Actually… Now that I think about it, I don’t believe the 9800 GTX is supported in CUDA 1.1. Technically, it isn’t supported in CUDA 2.0 beta either, but there have been successful reports of people using it anyway. (9800 GTX was released after CUDA 1.1 and CUDA 2.0 beta) Can you try the CUDA 2.0 beta driver and toolkit and see if this helps? You might be hitting some kind of driver incompatibility in the older version.

I’ve got the results of the bandwidth test and there are no suprises there. This is for the PCI-E 2.0 slot:

8800 GT

Host (pinned) → Device: 5,129.8 MB/s

Device → Host (pinned): 4,524.3 MB/s

Device → Device: 47,874.4 MB/s

9800 GTX

Host (pinned) → Device: 5,564.7 MB/s

Device → Host (pinned): 4,759.2 MB/s

Device → Device: 56,308.4 MB/s

I think you may have a point with the CUDA versions but I’m not sure its possible to run CUDA 2.0 beta on the 9800 GTX since there is only one version of the driver that supports CUDA 2.0 and it doesn’t support the 9800 GTX. Also, I thought CUDA was meant to be compatible with future hardware without recompilation?

Ah, ok, for some reason I thought you were using a driver from the CUDA 1.1 release. So you are using a driver newer than the CUDA 2.0 beta driver? (And ignore my statement about the toolkit. You are right that code compiled with the older toolkit ought to run on the newer drivers, as far as I know.)
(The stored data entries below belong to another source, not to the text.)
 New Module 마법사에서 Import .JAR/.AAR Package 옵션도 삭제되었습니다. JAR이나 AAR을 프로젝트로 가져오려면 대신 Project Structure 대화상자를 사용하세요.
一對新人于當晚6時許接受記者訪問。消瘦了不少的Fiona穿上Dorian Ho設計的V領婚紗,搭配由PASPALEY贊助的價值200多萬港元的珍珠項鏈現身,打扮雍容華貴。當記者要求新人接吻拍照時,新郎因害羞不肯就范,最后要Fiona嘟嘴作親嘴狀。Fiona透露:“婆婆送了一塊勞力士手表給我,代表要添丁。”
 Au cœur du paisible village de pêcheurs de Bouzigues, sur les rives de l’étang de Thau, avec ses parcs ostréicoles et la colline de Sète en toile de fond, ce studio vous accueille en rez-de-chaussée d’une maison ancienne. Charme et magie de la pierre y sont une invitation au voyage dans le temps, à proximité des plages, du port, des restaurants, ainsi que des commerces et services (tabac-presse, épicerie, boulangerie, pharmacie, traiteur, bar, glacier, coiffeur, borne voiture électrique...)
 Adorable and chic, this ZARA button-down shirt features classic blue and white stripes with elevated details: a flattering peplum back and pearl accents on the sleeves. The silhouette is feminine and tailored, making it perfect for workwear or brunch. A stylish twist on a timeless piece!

Yep, I’m using a newer driver.

It looks like its probably all down to the texture cache and my access patterns. My run times seem to be very sensitive to the size and shape of my thread block. Strangely what works well on the 8800 GT also works well on the 8800 GTS 640 but not on the 9800 GTX. Is there a way to get a better idea of what is going on?
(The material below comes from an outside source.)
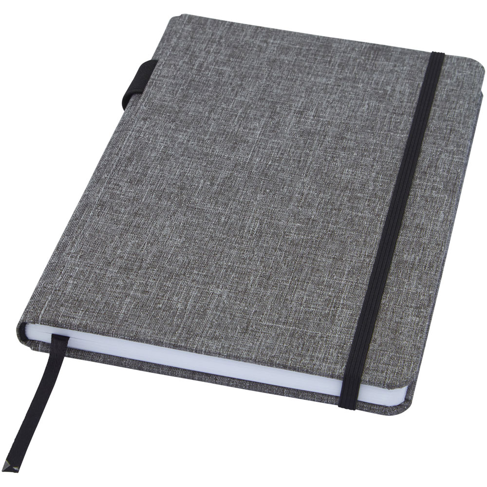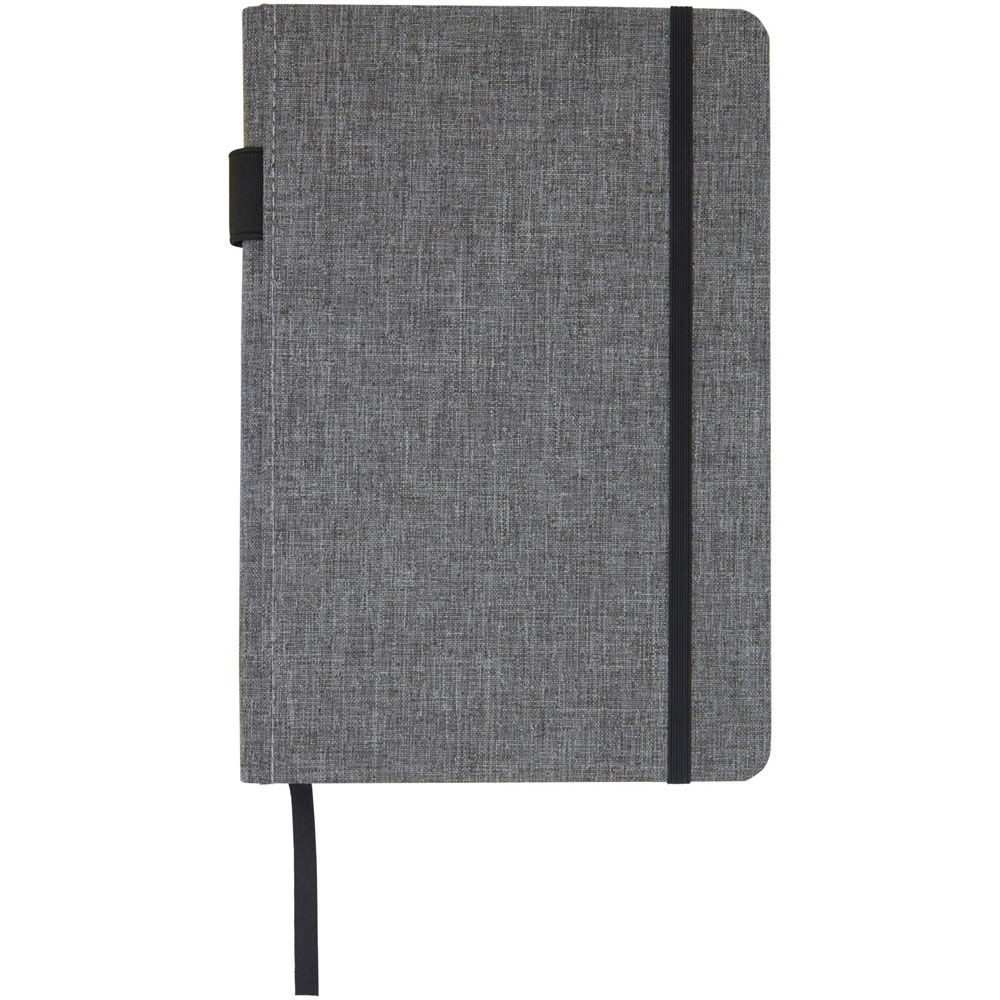 A5 Notizbuch mit einem Cover aus RPET-Stoff. Mit 96 Blatt, 70 g/m² recyceltes Papier mit liniertem Layout, Stiftschlaufe und Leseband. Verpackt in einer Kartonhülle.

improper memory access may reduce the program execution speed. I faced such an issue, output was absolutely right, but memory accessing was a little bit wrong (array indexing out of bound). When I run my program in EmuDebug mode it crashed with the infamous access violation error message box. Fixed it and back to speed. (But these all happened with 8800GTS)

You may also look into something like that.

Definitely looks like its the texture cache. I’ve found that depending on the exact details of my computation I fall into one of two cases:

  1. Computation and (non-texture) memory bandwidth limited - minimum amount of arithmetic and maximum amount of coallesced reads and writes is crucial

  2. Texture memory bandwidth limited - most efficient use of texture cache is crucial

I think that I originally tuned my program for case 1 and then threw a case 2 at it. Strangely the cost of getting it wrong seems to be much higher on the 9800 GTX than the other cards. Maybe it has higher latencies or something?

I’m still interested if anyone has any information on the texture cache and how to measure or model hits and misses.

Actually there is more to this. Texture cache is certainly a factor but I am also seeing very eratic and generally poor performance as soon as I use any driver newer than 169.21.

The attached graph demonstrates what I’m seeing. If you look at the dark blue and dark red plots they are for Forceware 169.21 drivers. They are well defined and totally repeatable. Also you will notice that the second pass is a mirror image of the first - thats a feature of an inherent symmetry in the calculation. Now look at the bright red and blue plots. They are for the latest 177.35 drivers. They follow the darker plots quite closely in places (although they are slightly higher) but over most of the plot they are massively inflated in a fairly haphazard kind of way. The effect is only vaguely similar on repeated runs. Also notice that it doesn’t obey the inherent symmetry in the calculation!